Laurence Van Ruymbeke
Laurence Van Ruymbeke Journaliste au Vif

Au coeur des hôpitaux, les services de réanimation constituent un monde à part. Dernier poste-frontière avant la mort, ces lieux d’urgence absolue abritent un personnel qui jongle entre des machines de très haute technologie et des âmes presque réduites à des corps. Fragile équilibre.

On les a vus des centaines de fois sur les écrans de télévision, marchant d’un pas rapide dans ces interminables couloirs, de part et d’autre d’un brancard. Se pressant autour d’un lit dont l’occupant peine à respirer. Fixant des moniteurs zébrés de chiffres, de courbes, de battements de coeur. On les a vus, mais sans les voir. Cachés sous des masques, des charlottes, d’amples chasubles bleues, vertes ou blanches, les soignants des services de réanimation sont depuis toujours, mais plus encore depuis un an, des héros invisibles et inconnus. La vie de ceux qui passent la porte de l’hôpital en état de grave détresse dépend d’eux. Ce sont aussi ces silhouettes fantomatiques qui ferment les yeux des patients qui n’auront plus la chance de sourire au monde. Thomas Denise, docteur en sociologie et chercheur associé au laboratoire du Cerrev, à l’université de Caen, a observé, pendant huit ans, la vie quotidienne des services de réanimation dans deux centres universitaires hospitaliers français.

La proximité de la mort assoit peut-être une forme d’humilité chez ces soignants.

De l’extérieur, on a le sentiment que le service de réanimation occupe une place à part au sein de l’hôpital.
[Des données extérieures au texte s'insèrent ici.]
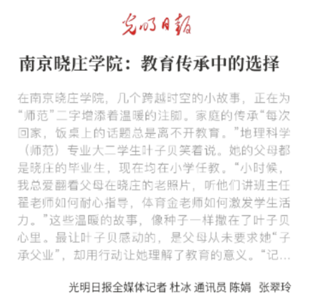 12月21日,《光明日报》客户端发布通讯《南京晓庄学院:教育传承中的选择》,聚焦环境科学学院师范生代际相传、师生接力的动人故事,展现了我院在传承师范教育本色基础上的创新与发展。

Quelles en sont les particularités?

Le service de réanimation se tient volontairement et historiquement à l’écart des autres services hospitaliers. Historiquement d’abord, parce que les premiers médecins qui ont travaillé dans ces services, autour de 1950, se sont isolés en raison notamment de la très haute technicité qu’on y trouve, et qui les différenciait des hôpitaux publics, dits de charité et d’accueil. Ce service est aussi à part pour des raisons symboliques, parce qu’on y touche à des phénomènes sociaux, au vivant et aux conditions de décès et d’accompagnement des mourants. Or, à partir des années 1980, la mort a été cachée, mise à l’écart dans nos sociétés. Elle en est devenue tabou, y compris à l’hôpital.

Environ un patient sur quatre décède dans les services de réanimation. Ce qui peut paraître paradoxal pour un département perçu comme celui qui sauve des vies…
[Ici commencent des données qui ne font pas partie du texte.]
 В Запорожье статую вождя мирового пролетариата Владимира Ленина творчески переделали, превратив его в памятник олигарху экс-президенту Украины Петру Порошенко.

C’est le service de l’ultime chance. Mais il est encore marqué par beaucoup d’incertitudes faute d’informations médicales sur certains phénomènes. Il arrive que des gens y décèdent, sans que l’on sache pourquoi. Ce service est à la pointe de la technologie mais il a ses limites. D’autres patients, en revanche, y meurent de façon naturelle, dès lors que le système de respiration artificielle est débranché.
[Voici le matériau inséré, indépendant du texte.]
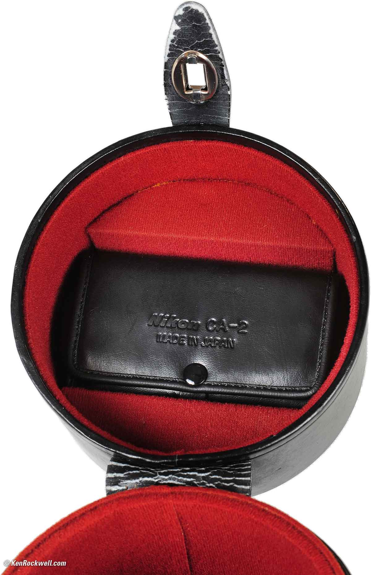 Filters top CA-2 filter case, hidden under red flap. enlarge. Comes with a complete set of five filters. The L37c (clear) filter comes mounted on the back of the lens. There is a CA-2 filter case hidden in the top of the lens case with four more filters: O56 (orange) for black-and-white film, A2 (amber) and B2 (blue) for slightly altering color balance, and ND 4x, to give the equivalent of T16 for no good reason. Use the L37c with digital cameras. Use the A2 outside with color slide film. The newer NC (no color) 39mm filter is Nikon part number 2478 NASI, and Nikon also made filters of other colors, like Y48, R60 and A12, in 39mm.

Le personnel de réanimation supporte-t-il une charge mentale supérieure à celle des soignants d’autres services?

Au sein de l’hôpital, il est effectivement reconnu que les services de réanimation provoquent une charge mentale très forte. Je ne dirais pas que la charge mentale y est supérieure pour les soignants mais qu’il s’agit d’une autre forme de charge mentale et morale, notamment parce qu’il faut parfois annoncer de mauvaises nouvelles aux familles. Cela, le personnel ne l’exprime pas ouvertement, mais il l’exprime quand même. Néanmoins, les familles représentent parfois un support pour les soignants parce qu’elles les aident à mieux accepter leur travail et à lui redonner du sens.

Comment le personnel soignant se débrouille-t-il avec cette confrontation permanente à la mort?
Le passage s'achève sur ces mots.